§ **Work order**
Pictures excluded, return the lines below from the first through the line holding "Designed with strong".

[Data entries]
○ ○ ○

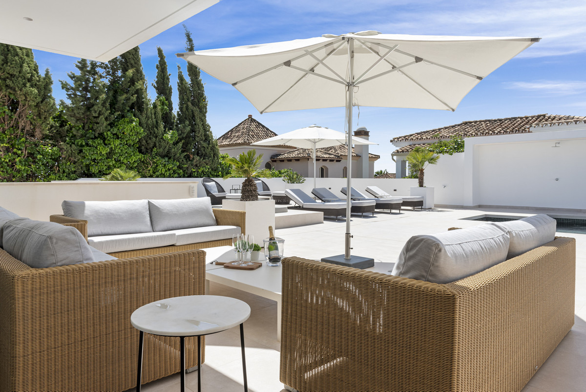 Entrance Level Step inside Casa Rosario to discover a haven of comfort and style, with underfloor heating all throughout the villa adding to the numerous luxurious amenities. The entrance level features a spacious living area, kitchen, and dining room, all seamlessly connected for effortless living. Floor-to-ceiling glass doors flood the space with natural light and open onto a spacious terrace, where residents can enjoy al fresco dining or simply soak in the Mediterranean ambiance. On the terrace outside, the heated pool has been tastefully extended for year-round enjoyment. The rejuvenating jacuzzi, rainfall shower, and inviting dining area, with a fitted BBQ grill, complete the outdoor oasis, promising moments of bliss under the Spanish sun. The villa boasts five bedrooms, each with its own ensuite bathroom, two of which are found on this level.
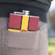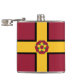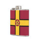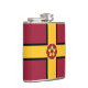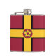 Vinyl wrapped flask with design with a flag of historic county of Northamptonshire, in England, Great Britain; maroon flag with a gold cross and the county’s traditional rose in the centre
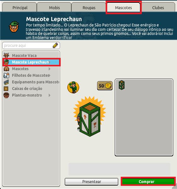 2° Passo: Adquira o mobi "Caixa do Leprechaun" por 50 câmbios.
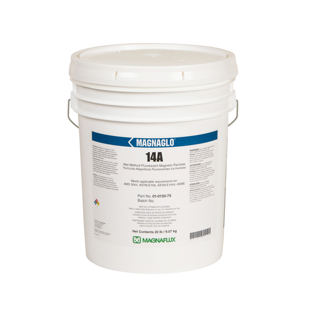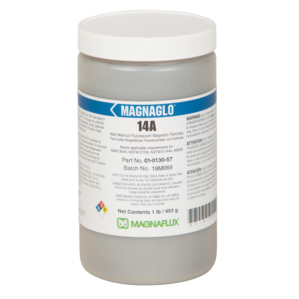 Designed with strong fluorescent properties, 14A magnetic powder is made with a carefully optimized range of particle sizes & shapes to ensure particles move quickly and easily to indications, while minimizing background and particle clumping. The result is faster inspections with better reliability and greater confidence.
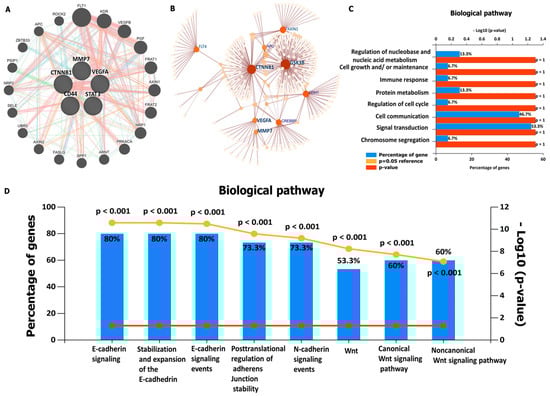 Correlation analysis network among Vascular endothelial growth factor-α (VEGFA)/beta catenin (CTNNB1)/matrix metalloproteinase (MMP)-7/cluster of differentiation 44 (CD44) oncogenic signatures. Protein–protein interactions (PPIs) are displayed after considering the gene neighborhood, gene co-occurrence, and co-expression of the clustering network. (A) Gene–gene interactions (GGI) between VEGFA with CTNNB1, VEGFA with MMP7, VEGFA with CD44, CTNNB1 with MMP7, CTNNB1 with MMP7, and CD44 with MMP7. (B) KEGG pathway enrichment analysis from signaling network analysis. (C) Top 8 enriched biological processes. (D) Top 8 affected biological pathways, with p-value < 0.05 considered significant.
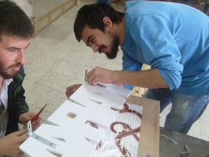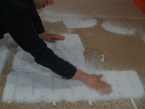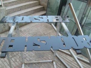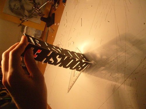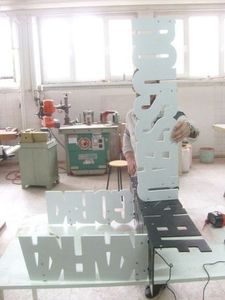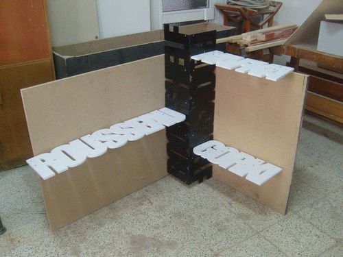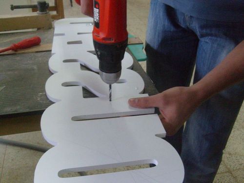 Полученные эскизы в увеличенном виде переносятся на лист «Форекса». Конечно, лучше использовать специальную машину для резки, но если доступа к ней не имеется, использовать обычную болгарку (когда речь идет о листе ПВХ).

○ ○ ○

§ **Your solution**
 Entrance Level Step inside Casa Rosario to discover a haven of comfort and style, with underfloor heating all throughout the villa adding to the numerous luxurious amenities. The entrance level features a spacious living area, kitchen, and dining room, all seamlessly connected for effortless living. Floor-to-ceiling glass doors flood the space with natural light and open onto a spacious terrace, where residents can enjoy al fresco dining or simply soak in the Mediterranean ambiance. On the terrace outside, the heated pool has been tastefully extended for year-round enjoyment. The rejuvenating jacuzzi, rainfall shower, and inviting dining area, with a fitted BBQ grill, complete the outdoor oasis, promising moments of bliss under the Spanish sun. The villa boasts five bedrooms, each with its own ensuite bathroom, two of which are found on this level.
 Vinyl wrapped flask with design with a flag of historic county of Northamptonshire, in England, Great Britain; maroon flag with a gold cross and the county’s traditional rose in the centre
 2° Passo: Adquira o mobi "Caixa do Leprechaun" por 50 câmbios.
 Designed with strong fluorescent properties, 14A magnetic powder is made with a carefully optimized range of particle sizes & shapes to ensure particles move quickly and easily to indications, while minimizing background and particle clumping. The result is faster inspections with better reliability and greater confidence.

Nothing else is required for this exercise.